The decision came after Ocean City officials, including Mayor Rick Meehan, had testified that the new, larger turbine design chosen by Skipjack Offshore Energy for the wind projects would ruin views of the horizon from the beach, thus affecting the town’s crucial tourism industry.
They added that the new turbines, three times taller than the tallest building in Ocean City, would require aerial hazard navigation lights, which the previous turbines did not, and contended that values of beachfront properties would be adversely affected.
Town officials wanted the commission to order Skipjack to move the turbines 33 miles offshore, citing a wind farm development off Long Island, New York, that is that far out, and thus out of sight.
Skipjack argued that the taller turbines will actually help the view, because they are more efficient and thus will allow them to build fewer than originally planned, and place them farther out into the water — between 21.5 and 22.7 miles out, as opposed to the original 19.5.
They also said that the argument they should build so far out as to be invisible from shore would require them to completely change the approved parameters they’ve been working from since 2017, and would fall outside the area they’ve been given to work with.
The commission sided with Skipjack, adding that the agreement with the energy company never specified a particular turbine.

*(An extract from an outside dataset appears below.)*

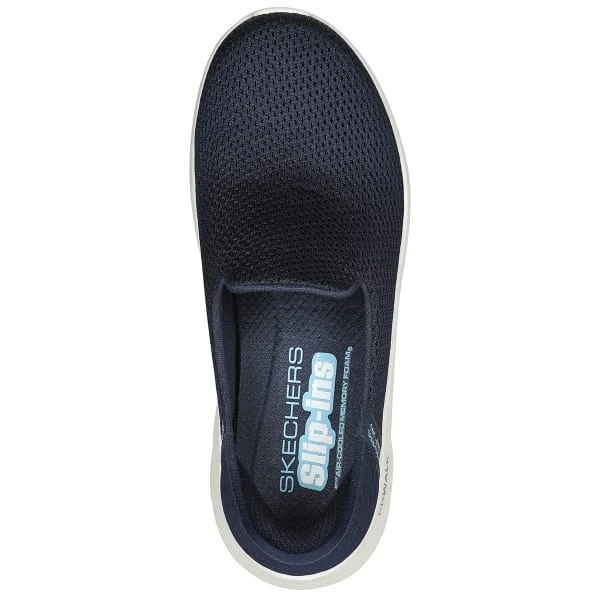 TOUCHLESS FIT Step up your routine with easygoing comfort wearing Skechers Hands Free Slip-ins: GO WALK 6 – Fabulous View. Designed with a unique Comfort Pillow in the heel. This style features an engineered knit upper with lightweight ULTRA GO cushioning, Skechers Air-Cooled Goga Mat insole and supportive high-rebound Hyper Pillars.

The plan originally submitted with the application in 2016 used the most technologically advanced turbine at the time, the commission said in their decision, and since then, the state-of-the-art model has changed.
The new turbines will be 492 feet tall at the hub, up from the 374 feet of the previously approved turbine; the diameter of the rotor will be 721 feet, up from 590, and the tip height will grow to 853 feet, up from 641.
The commission said the new turbines meant that 12 or fewer turbines would be built, down from the previous 15.
Meehan also argued that, while the company told the commission about the new turbines in June 2019, Ocean City officials hadn’t heard from Skipjack for nearly six months before the new turbine design was unveiled at a public hearing in January.
The commission ordered Skipjack to stay in better contact with the town about its plans.